● WHAT YOU ARE ASKED TO DO: Using the records that follow, reproduce exactly the lines starting at the line containing "아 그리고 여기는 미니바가" and ending at the line containing "小芝さんは以前からこちらの帽". Include both end lines and no pictures.
*** DATA PROVIDED Section Begins ***
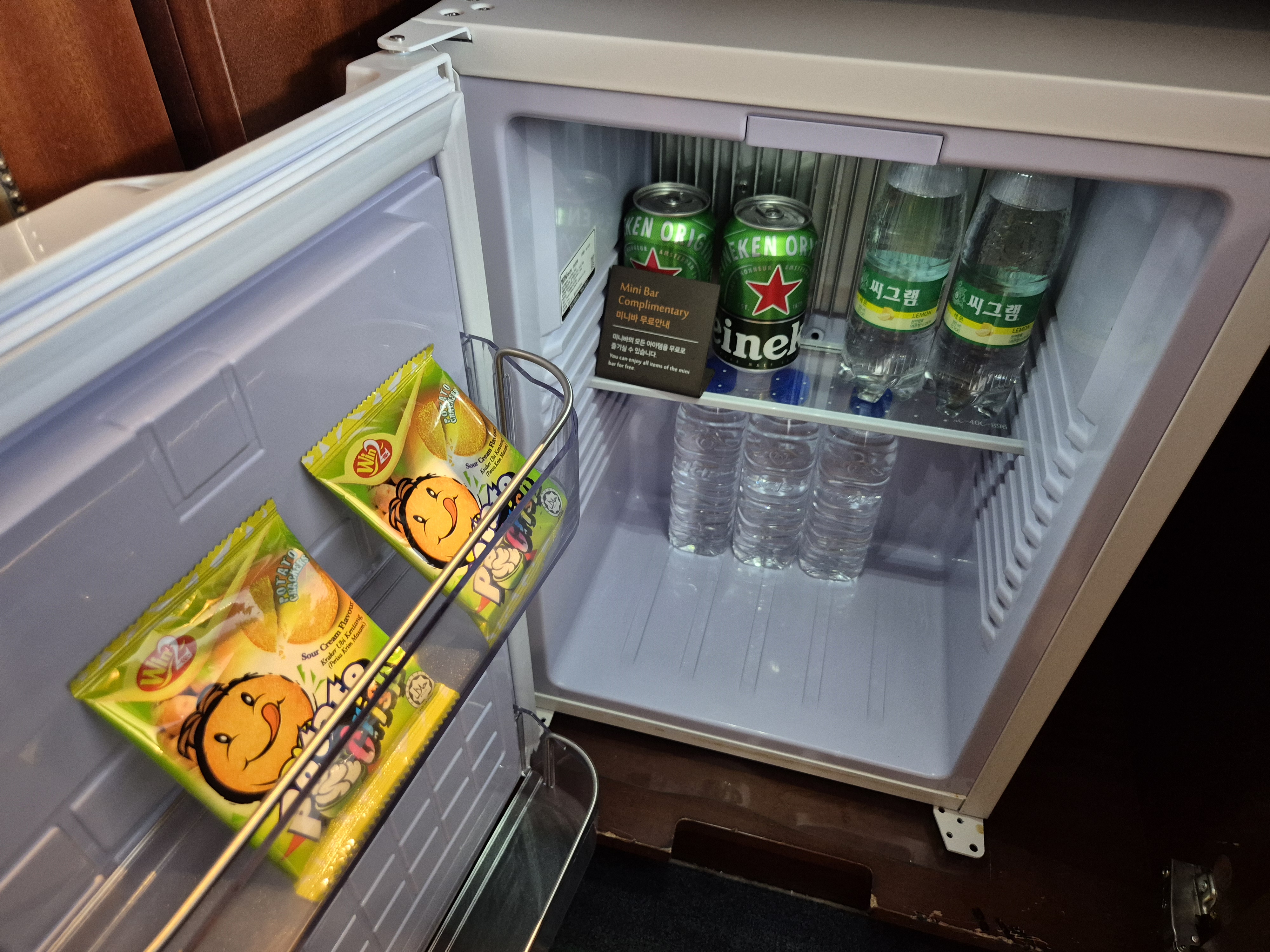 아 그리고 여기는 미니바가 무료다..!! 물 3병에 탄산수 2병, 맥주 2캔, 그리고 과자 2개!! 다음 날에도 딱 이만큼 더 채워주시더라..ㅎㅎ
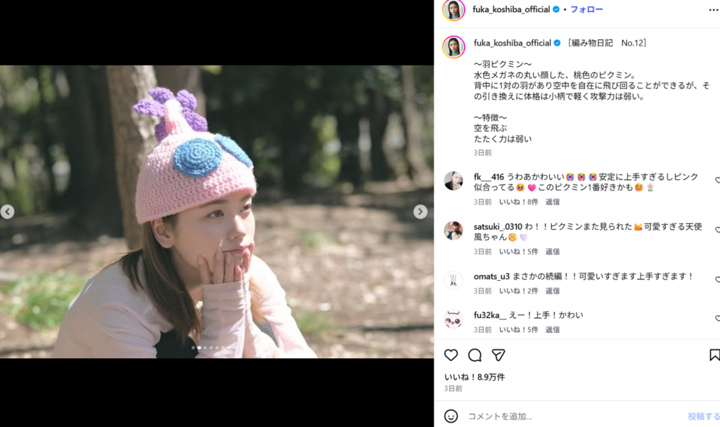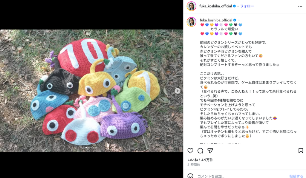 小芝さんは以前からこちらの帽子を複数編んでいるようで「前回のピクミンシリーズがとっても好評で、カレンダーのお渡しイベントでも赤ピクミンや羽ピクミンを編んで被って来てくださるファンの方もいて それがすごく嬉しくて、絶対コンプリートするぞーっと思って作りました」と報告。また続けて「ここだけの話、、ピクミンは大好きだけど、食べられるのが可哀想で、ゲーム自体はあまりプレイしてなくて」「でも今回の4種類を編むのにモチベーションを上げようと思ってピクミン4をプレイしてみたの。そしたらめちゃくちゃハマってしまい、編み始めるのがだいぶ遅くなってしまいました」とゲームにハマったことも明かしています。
*** DATA PROVIDED Section Ends ***
*** DATA PROVIDED Section Begins ***
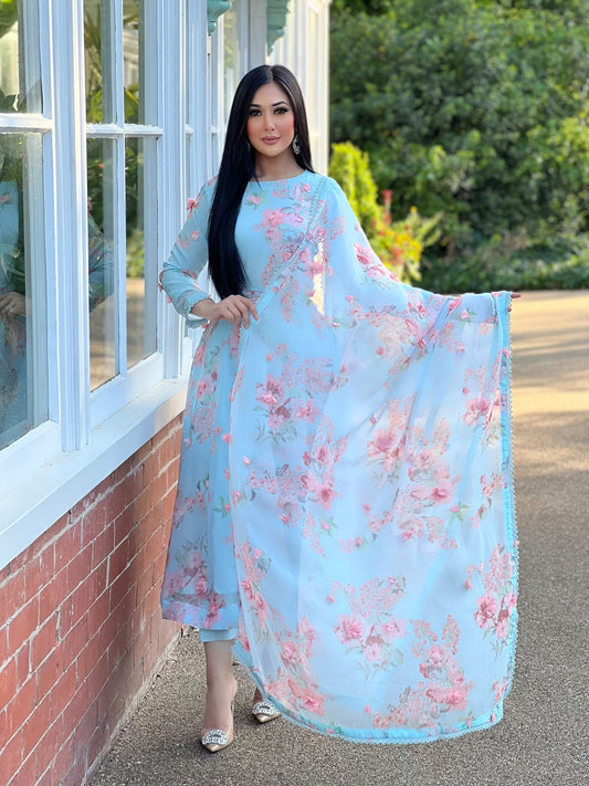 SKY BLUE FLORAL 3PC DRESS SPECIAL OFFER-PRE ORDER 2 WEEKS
*** DATA PROVIDED Section Ends ***
*** DATA PROVIDED Section Begins ***
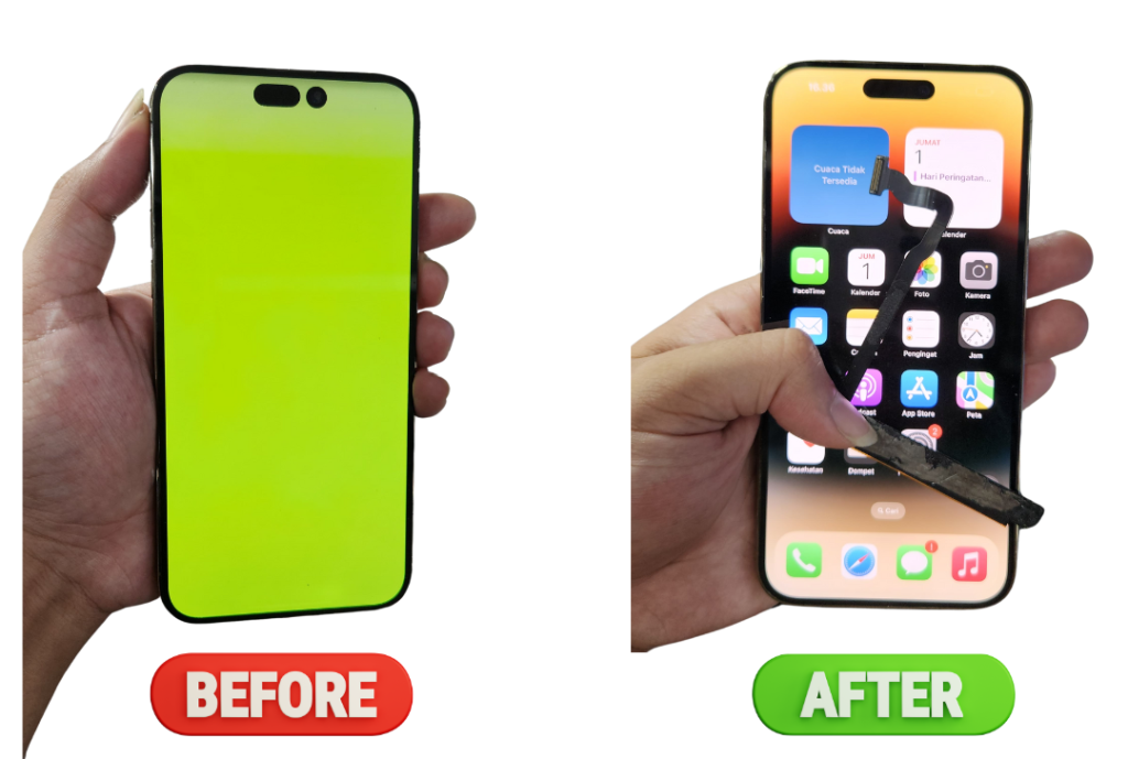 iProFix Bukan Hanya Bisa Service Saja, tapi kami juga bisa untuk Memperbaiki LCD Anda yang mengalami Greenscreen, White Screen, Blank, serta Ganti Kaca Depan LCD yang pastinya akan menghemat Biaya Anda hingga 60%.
*** DATA PROVIDED Section Ends ***
● RESPONSE:
 아 그리고 여기는 미니바가 무료다..!! 물 3병에 탄산수 2병, 맥주 2캔, 그리고 과자 2개!! 다음 날에도 딱 이만큼 더 채워주시더라..ㅎㅎ
 小芝さんは以前からこちらの帽子を複数編んでいるようで「前回のピクミンシリーズがとっても好評で、カレンダーのお渡しイベントでも赤ピクミンや羽ピクミンを編んで被って来てくださるファンの方もいて それがすごく嬉しくて、絶対コンプリートするぞーっと思って作りました」と報告。また続けて「ここだけの話、、ピクミンは大好きだけど、食べられるのが可哀想で、ゲーム自体はあまりプレイしてなくて」「でも今回の4種類を編むのにモチベーションを上げようと思ってピクミン4をプレイしてみたの。そしたらめちゃくちゃハマってしまい、編み始めるのがだいぶ遅くなってしまいました」とゲームにハマったことも明かしています。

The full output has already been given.